Custom lookup implementation may be registered through:

bootstrap.addBundle(GuiceBundle.builder()
        .bundleLookup(new CustomBundleLookup())
        .build()

But it's better to register it through default implementation DefaultBundleLookup, which performs composition of multiple lookup implementations and logs resolved bundles to console.

bootstrap.addBundle(GuiceBundle.builder()
        .bundleLookup(new DefaultBundleLookup().addLookup(new CustomBundleLookup()))
        .build()

To override the list of default lookups:

bootstrap.addBundle(GuiceBundle.builder()
        .bundleLookup(new DefaultBundleLookup(new ServiceLoaderBundleLookup(), new CustomBundleLookup()))
        .build()

Here, only two lookup mechanisms registered (property lookup is not registered and will not be implicitly added).

Dropwizard bundles

Dropwizard bundles can be used as before, registered directly in Bootstrap.

Guicey provides direct api for dropwizard bundles registration:

GuiceBundle.builder()
    .dropwizardBundles(new MyDwBundle())

and in bundles:

public class MyBundle implements GuiceyBundle {
    @Override
    public void initialize(GuiceyBootstrap bootstrap) {
        bootstrap.dropwizardBundle(new MyDwBundle());
    }
}

Note

The most common case is extending some existing 3rd party integration (Dropwizard Bundle) with guice bindings (or adding guicey installers for simplified usage).

public class XIntegratuionBundle implements GuiceyBundle {
    @Override
    public void initialize(GuiceyBootstrap bootstrap) {
        bootstrap
            .dropwizardBundle(new DropwizardXBundle());
            .modules(new XBindingsModule())
    }
}

JDBI bundle could be king of such example: it does not use dropwizard bundle, but it defines additional extension types to simplify configuration.

When you register dropwizard bundles through guicey api:

So, if you have a "common bundle" problem (when 2 bundles register some common bundle and so you can use these bundles together) it could be solved just by registering bundle through the guicey api with proper configuration.

Transitive bundles tracking

Transitive dropwizard bundles are tracked with a Bootstrap object proxy so guicey could intercept the addBundle call.

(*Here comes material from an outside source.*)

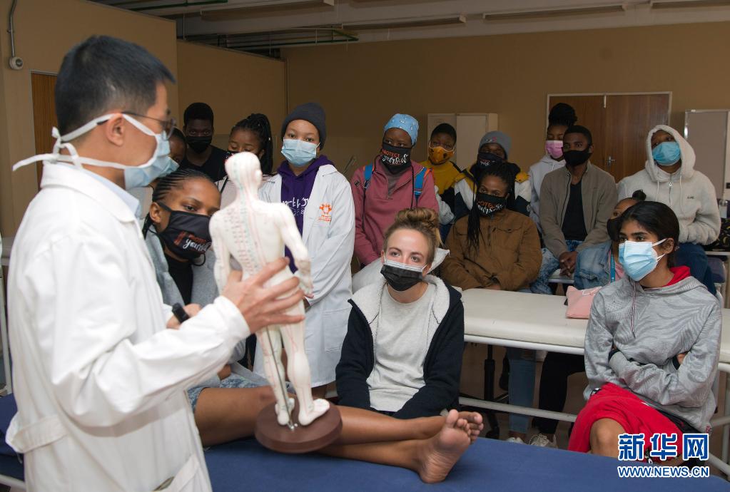 6月9日,针灸课老师胡紫景在南非约翰内斯堡大学给同学们讲解人体穴位分布。
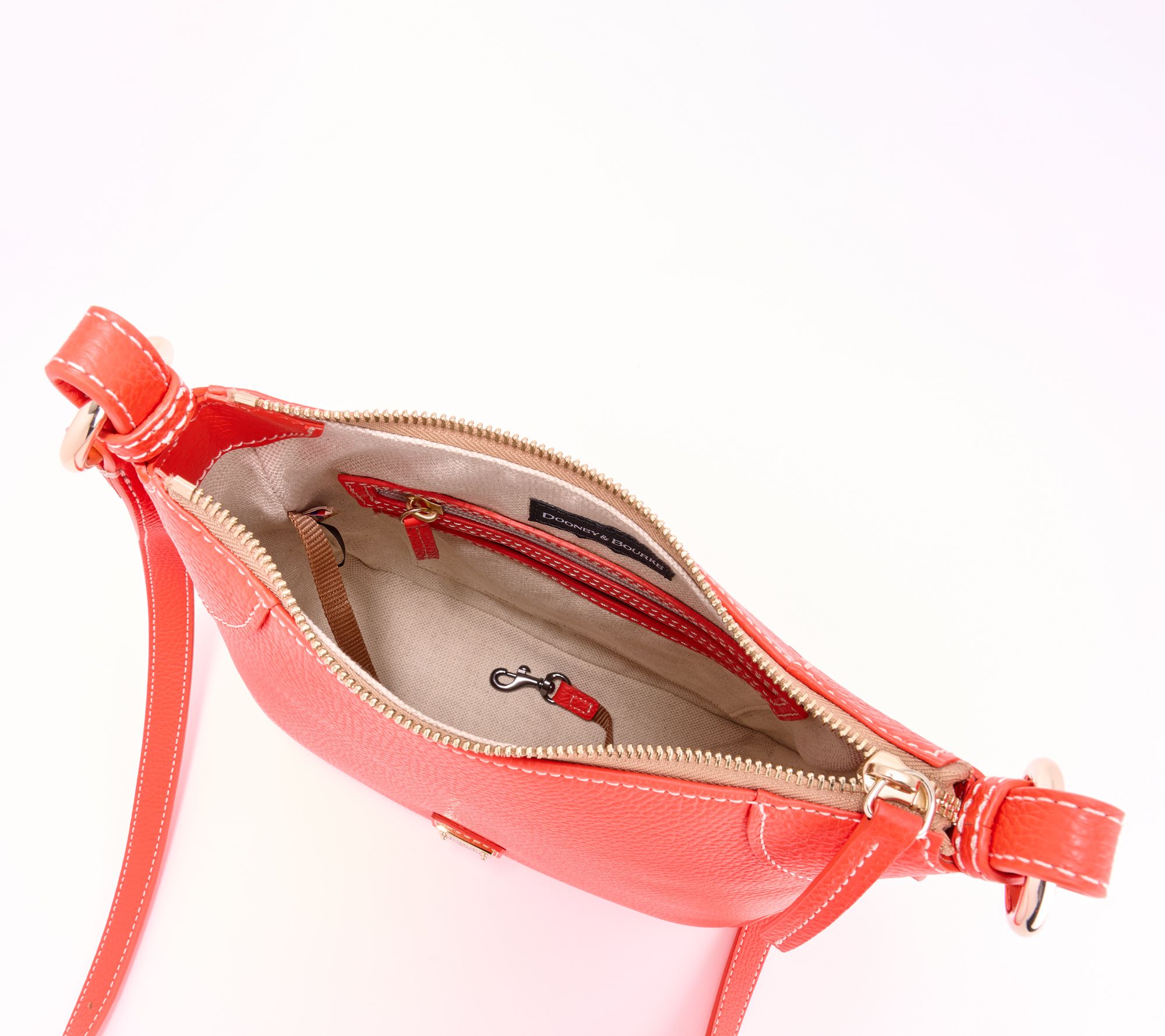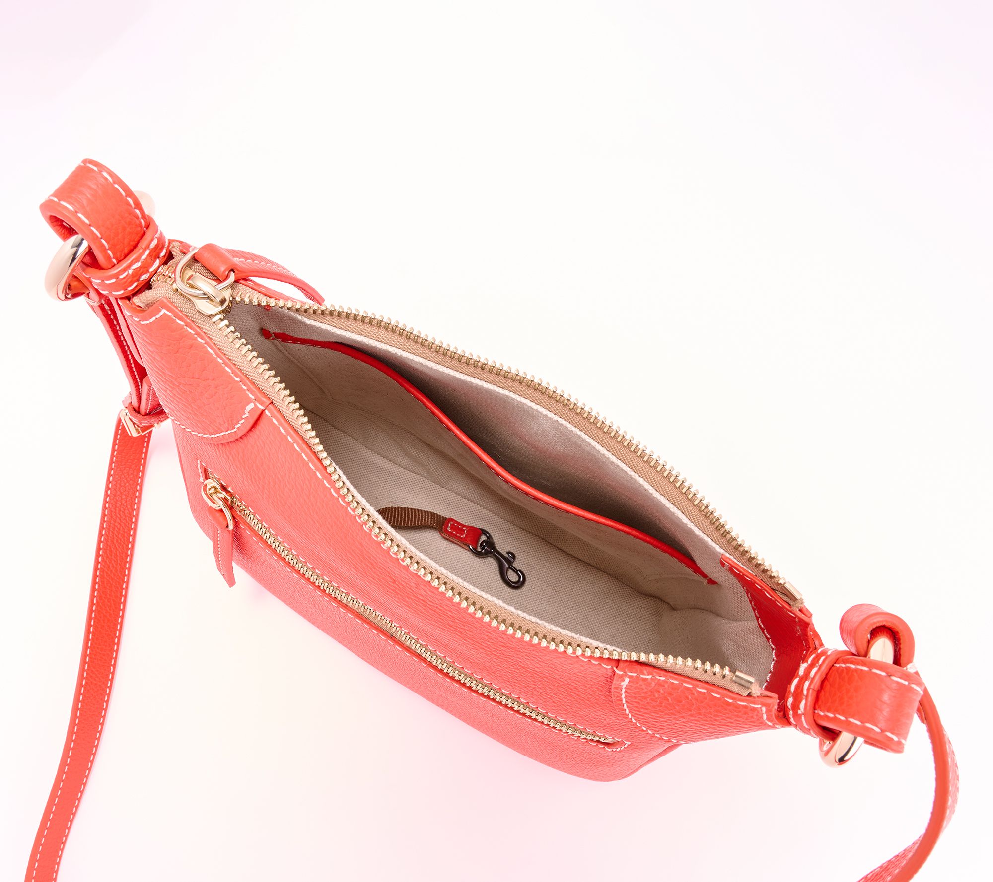 • Lined interior, front-wall zip pocket and slip pocket, back-wall slip pocket, key hook

If you have problems with the proxy, you can switch off transitive bundles tracking:

.option(GuiceyOptions.TrackDropwizardBundles, false)

If you don't want to switch off tracking, but still have problems registering some bundle, you can always register it directly in bootstrap object:

public class MyBundle implements GuiceyBundle {
    @Override
    public void initialize(GuiceyBootstrap bootstrap) {
        bootstrap.bootstrap().addBundle(new MyDwBundle());
    }
}

bootstrap.bootstrap() - is a raw bootstrap (not a proxy).